Covishield will cause only minor side effects: PM

“To take the vaccine or not is voluntarily”

Addressing a live audience on the Prime Minister’s Office Facebook page, PM Dasho Dr Lotay Tshering shared that once a person has been vaccinated by the Covishield or Oxford-Astrazeneca he/she will experience only mild or minor side effects.

Lyonchen said the Covishield has undergone all the three phases of the clinical trials and no major side effects were seen on those vaccinated by it. “If this vaccine had major side effects then it would not have been given the emergency approval for human trials.”

Lyonchhen said there are some 12 vaccine preventable from diseases today and these vaccines despite being effective do have some side effects. “Although, the immune protection differs from one vaccine to another, Covishield did not display any life threatening side effects; therefore it received the Emergency Use Authorization (EUA).”

“Through this vaccine, average protection will be around 70% for our immune system,” said Lyonchhen said, adding that when one experience dizziness, low fever, little swelling and redness at the vaccinated place, it is bound to happen because the body is reacting to the vaccine and this is something expected after getting the vaccine. “When one is vaccinated there is an antigen-antibody reaction which is a good sign.”

Lyonchhen said the antigen in the vaccine triggers the immune system to produce antibody. “The antigen-antibody reaction leads to swelling on the vaccinated place which is something to be expected and not to worry.”

Lyonchhen said that His Majesty has commanded the team to study the efficacy of the vaccine carefully and how it would benefit everyone. “The government would protect the public from the pandemic and treat the infected ones; the government will also take full accountability if there is any sort of mishaps after the vaccination including side effects.”

“To take the vaccine or not is voluntarily,” he said, adding that if there is negligence from the healthcare professionals which leads to some issues then there are guidelines and regulations to deal with this kind of situations.

PM explained that like any other vaccines, Covishield could work in two ways; either the vaccine could provide one with total protection against the infection or help in keeping individuals from developing serious conditions following the infection.

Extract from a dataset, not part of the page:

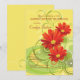 En trevlig inbjudan med tre gerbera daisy i en ljusröd färg. Den sunniga, gult bakgrunden har abstraktens löv och snurra. Lämpligt för alla lycklig firande.Kortet är enkelt att anpassa med din ordalydelse, ditt teckensnitt, ditt teckensnitt, färg och ditt val av sex papprare typer.

Lyonchhen said not all the people who receive the jab will be getting full protection against the infection, but at least 50% of the recipients would.

The second type of reaction that would develop is that vaccinated recipients could get still infected but they would not develop any symptoms. “When one gets vaccinated he/she will not know about the disease symptoms but when RT-PCR is done they will come out positive,” Lyonchhen added.

In an earlier press briefing, Foreign Minister Dr Tandi Dorji said COVID-19 vaccine is only for preventing the COVID-19- the first dose will prevent  chances of contracting the virus by 60% and the second dose will prevent around 70-90% from getting the virus.

“COVID-19 recovered patients are advised to take the vaccine as well to prevent from re-infection,” added Lyonpo.

According to BBC, Oxford-AstraZeneca vaccine is made from a weakened version of a common cold virus known as an adenovirus from chimpanzees. When the vaccine is injected into a patient, it prompts the immune system to start making antibodies and primes it to attack any coronavirus infection. It is given in two doses between four to 12 weeks apart.

International clinical trials of the Oxford-AstraZeneca vaccine showed that when people were given a half dose and then full dose, effectiveness hits 90%. However, leaving a longer gap between the first and second doses increases the overall effectiveness to 70% after the first dose.

Clinical microbiologist at the Jigme Dorji Wangchuck National Referral Hospital and member of the COVID-19 Technical Advisory Group, Dr Tshokey shared that Covishield is 70-90% effective against COVID-19 and Pfizer vaccines (not yet in the country) have a reported efficacy of 95%. “COVID-19 recovered patients are also advised to take the vaccine since the benefits may outweigh harm and it would serve as a booster for them.”